Safari Photo Africa: Wild Earth review

How do you make children enjoy, rather than feel insulted by, edutainment games? Well, getting them to take photos of elephant poo and urinating rhinos is not a bad start.

This Animal Planet-branded FPPS (first-person photography shooter) will make your child a better person in three ways: 1) education about the animal kingdom, such as why male lions are chauvinist pigs, 2) a vague sense of how photography works, and 3) a grasp of how to navigate an open 3D environment using the WADS keys and mouselook, thus making significant progress towards becoming an accomplished gamer in later life.

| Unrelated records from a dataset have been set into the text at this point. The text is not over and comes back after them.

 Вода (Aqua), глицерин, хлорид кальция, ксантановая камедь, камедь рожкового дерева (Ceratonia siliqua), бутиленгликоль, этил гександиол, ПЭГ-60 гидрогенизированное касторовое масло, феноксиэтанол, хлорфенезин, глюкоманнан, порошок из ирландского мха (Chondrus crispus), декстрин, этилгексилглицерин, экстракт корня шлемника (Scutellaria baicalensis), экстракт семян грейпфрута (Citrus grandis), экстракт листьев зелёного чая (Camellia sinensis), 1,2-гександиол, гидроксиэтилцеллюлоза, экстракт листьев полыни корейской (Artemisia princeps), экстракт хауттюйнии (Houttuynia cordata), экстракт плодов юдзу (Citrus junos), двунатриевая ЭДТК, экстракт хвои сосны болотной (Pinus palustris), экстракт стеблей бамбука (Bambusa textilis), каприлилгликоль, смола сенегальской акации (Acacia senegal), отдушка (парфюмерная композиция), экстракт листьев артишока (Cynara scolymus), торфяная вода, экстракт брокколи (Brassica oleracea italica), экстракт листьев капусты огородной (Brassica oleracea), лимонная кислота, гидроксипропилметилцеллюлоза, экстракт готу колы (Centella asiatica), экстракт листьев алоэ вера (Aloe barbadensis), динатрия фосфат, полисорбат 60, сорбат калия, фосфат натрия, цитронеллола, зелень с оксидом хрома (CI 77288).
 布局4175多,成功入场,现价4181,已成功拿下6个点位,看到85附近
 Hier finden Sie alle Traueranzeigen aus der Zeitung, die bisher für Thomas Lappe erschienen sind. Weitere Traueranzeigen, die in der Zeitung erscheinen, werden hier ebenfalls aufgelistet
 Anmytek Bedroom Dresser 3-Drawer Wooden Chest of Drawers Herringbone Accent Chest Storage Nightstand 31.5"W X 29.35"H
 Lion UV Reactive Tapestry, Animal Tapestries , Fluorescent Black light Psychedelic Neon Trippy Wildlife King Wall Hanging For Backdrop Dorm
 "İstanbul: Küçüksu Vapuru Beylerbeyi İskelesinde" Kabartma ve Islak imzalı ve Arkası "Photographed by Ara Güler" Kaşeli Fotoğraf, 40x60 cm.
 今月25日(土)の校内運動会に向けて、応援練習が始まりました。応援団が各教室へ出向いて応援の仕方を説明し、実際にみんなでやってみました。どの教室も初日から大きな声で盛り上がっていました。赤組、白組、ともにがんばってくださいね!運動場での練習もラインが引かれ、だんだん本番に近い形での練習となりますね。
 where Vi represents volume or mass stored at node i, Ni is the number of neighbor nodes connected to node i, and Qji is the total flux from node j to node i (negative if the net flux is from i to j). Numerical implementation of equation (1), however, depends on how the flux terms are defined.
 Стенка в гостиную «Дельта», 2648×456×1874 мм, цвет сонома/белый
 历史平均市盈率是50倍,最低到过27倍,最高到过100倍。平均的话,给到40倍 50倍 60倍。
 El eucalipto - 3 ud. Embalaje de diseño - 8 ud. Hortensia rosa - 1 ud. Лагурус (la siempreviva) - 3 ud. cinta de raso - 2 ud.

For a kids' game, it's outstanding. It's rather one-note and the Spartan graphics engine makes lions look a little too Plasticine-faced, but the openness of the world, the animation (a galloping herd of giraffe is a genuinely stunning sight) and the thought behind the situations you have to photograph are all remarkable. Take a photo, whether for one of the specific objectives or just because it looks interesting, and the game will intuit a title and store it in a digital album: "nervous elephant" or "crocodile snapping," for instance. Meanwhile, a pair of invisible commentators sparkily share factoids about what you're shooting and, charmingly, at the end of each assignment, the photos you've taken will be used to illustrate an article in a fictional wildlife magazine. This caused an odd degree of pride in even this jaded hack, so it will surely enrapture the mind of a child.